La jeune femme marche à côté d'un homme. Elle l'a payé pour passer la soirée avec lui. Ils se tiennent par le bras, elle pose sa tête sur son épaule. Il marchent dans la rue, serrés par le cadrage. Elle somnole en marchant. L'homme fredonne, doucement d'abord puis de plus en plus fort. Elle émerge de son sommeil, relève la tête, regarde autour d'elle. Il chante, inspiré, les yeux clos. Elle lâche son bras, semble hésiter et accélère le pas. Il s'époumone comme un homme ivre et tandis qu'elle le distance, on le voit s'enfoncer dans le flou de l'arrière-plan, par-dessus l'épaule de la femme. Elle réprime un éclat de rire, aussi bref et inopiné qu'un sanglot ; son visage se referme aussitôt. Ces pansements posés sur sa solitude lui paraissent tout à coup pathétiques et dérisoires.
Dans l'autre plan, on voit un cheval attelé à une charrette dont la roue a viré dans un fossé. Trois hommes l'entourent, crient et le fouettent à tour de bras. Le cheval tire, se cabre en silence. Les hommes continuent à le fouetter, la charrette ne bouge pas d'un pouce. Le cheval plie, se tord et finit par se laisser choir.

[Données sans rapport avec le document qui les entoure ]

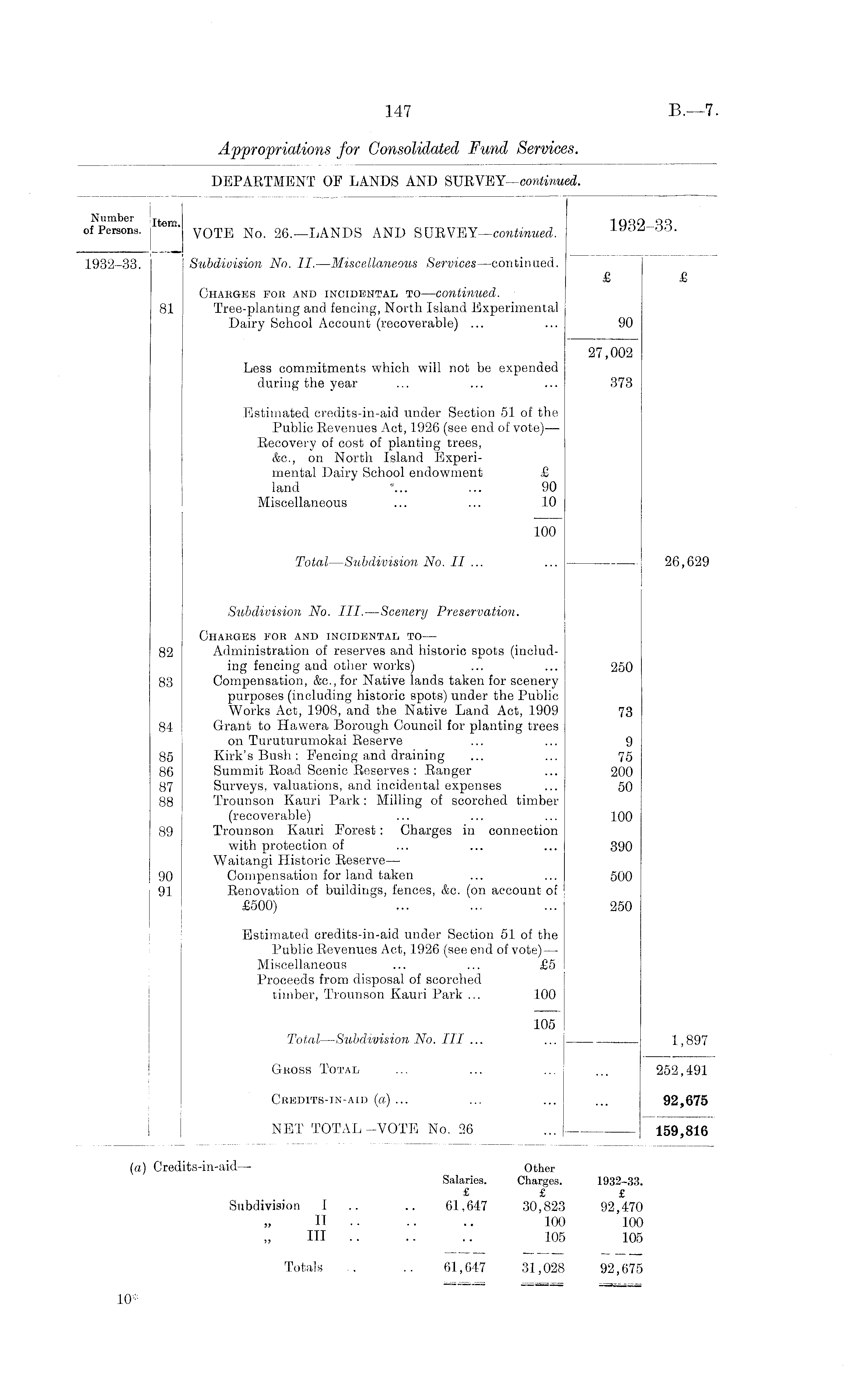 (a) Credits-in-aid — Other Salaries. Charges. 1932-33. £ £ £ Subdivision I .. 61,647 30,823 92,470 II .. .. .. 100 100 111 .. .. .. 105 105 Totals .. .. 61,647 31,028 92,675

Les hommes auront beau crier et le battre, il cède, il abandonne et reçoit les coups, cela n'a plus d'importance puisque le fardeau est trop lourd. Cette scène m'a rappelé l'épisode du cheval blessé dans le beau roman de Wallace Stegner "La Vie obstinée". Dans le film, après avoir assisté à la scène, la femme fera demi-tour et s'avancera vers une mort acceptée.

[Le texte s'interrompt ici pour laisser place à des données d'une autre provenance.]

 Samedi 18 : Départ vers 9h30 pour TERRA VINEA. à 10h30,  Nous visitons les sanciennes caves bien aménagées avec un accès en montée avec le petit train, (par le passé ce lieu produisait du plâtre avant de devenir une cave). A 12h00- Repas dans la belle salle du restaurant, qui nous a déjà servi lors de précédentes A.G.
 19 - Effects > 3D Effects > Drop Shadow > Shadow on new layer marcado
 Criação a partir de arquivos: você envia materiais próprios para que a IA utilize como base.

L'ensemble baigne dans un climat dépressif admirablement photographié. Diao Yi Nan sait filmer la solitude, la frustration sexuelle du personnage, et signe un plaidoyer détourné contre la peine capitale. Certes la peine de mort n'est pas condamnée de front, afin de permettre au film d'échapper, j'imagine, à la censure - mais celle par qui la mort arrive (la jeune femme est bourreau) finit par appeler sa propre mort de ses voeux, comme écrasée par le poids de sa solitude et par une vie trop lourde. Tout cela prend place dans une Chine industrielle sur laquelle le soleil semble ne jamais devoir se lever, tout en brouillard et en vapeur ; S. ajoute : "J'avais de l'asthme rien qu'à regarder l'écran". Où va se nicher la beauté ? et rien que pour ces deux plans, j'espère, ce beau film, ne pas totalement l'oublier.
5 commentaires:
quand c'est en forme de poire, c'est bien mieux que le synopsis officiel du film, merci !

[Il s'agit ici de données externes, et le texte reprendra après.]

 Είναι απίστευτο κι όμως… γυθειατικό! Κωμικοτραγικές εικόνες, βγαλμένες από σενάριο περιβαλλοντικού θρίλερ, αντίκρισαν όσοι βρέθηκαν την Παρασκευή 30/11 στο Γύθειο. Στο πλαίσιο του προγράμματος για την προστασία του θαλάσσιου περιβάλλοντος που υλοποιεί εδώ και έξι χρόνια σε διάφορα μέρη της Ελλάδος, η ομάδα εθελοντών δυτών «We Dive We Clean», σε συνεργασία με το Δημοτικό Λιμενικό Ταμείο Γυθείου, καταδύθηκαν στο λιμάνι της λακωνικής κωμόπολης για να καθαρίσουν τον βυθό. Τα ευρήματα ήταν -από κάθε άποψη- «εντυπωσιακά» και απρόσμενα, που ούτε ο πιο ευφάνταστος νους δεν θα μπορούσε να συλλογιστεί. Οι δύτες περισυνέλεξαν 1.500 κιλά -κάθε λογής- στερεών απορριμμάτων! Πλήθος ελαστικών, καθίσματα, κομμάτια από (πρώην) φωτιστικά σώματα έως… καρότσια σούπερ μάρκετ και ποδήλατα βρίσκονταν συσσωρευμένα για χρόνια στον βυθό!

Oui, ça me donne envie d'aller le voir.
As-tu vu Still Life ? là aussi, des solitudes (mais aussi des rencontres, au sens où tu l'entendais dans la laverie), un hiatus entre l'individu et une société qui se pense "massivement", des choses qui ne sont pas énoncées mais n'en sont pas moins dites. Et beaucoup de tranquillité palpable de l'image, qui n'est belle que pour entraîner l'oeil dans ses profondeurs. (c'est mal dit cette dernière phrase, mais quand on a vu un film comme cela je crois que ça peut se comprendre quand même)
L'épisode du cheval blessé! Dès que j'ai lu tes mots, j'ai "revu" cette scène forte de La Vie obstinée. Ce roman reste mon préféré, avec La grosse Montagne.
Merci pour le souvenir.
Oui Flo, Still Life était un film magnifique. Je crois que je comprends ta phrase : une image mine de rien très structurée, mais pas juste pour "faire joli" - des lignes de fuite pour attirer le regard sur un élément, un personnage, pour donner de la profondeur et du sens. Bizarrement, je garde un souvenir ému du personnage, très secondaire, de l'archéologue : un métier, un travelling sur sa collection de montres, et le personnage est posé dans son rapport au temps. D'ailleurs, c'est une chose que j'apprécie dan les quelques films chinois que j'ai vus : l'esthétisme ne vient pas écraser les personnages, qui restent très incarnés, mais au contraire leur apporte une épaisseur.
Calyste, j'ai aussi une préférence dans Stegner pour La Vie obstinée - bien que n'ayant pas encore lu La Bonne grosse montagne. Mais tout Stegner vaut la peine : Angle d'équilibre, En lieu sûr, Vue cavalière... Du vrai, bon, ample roman, c'est tellement agréable.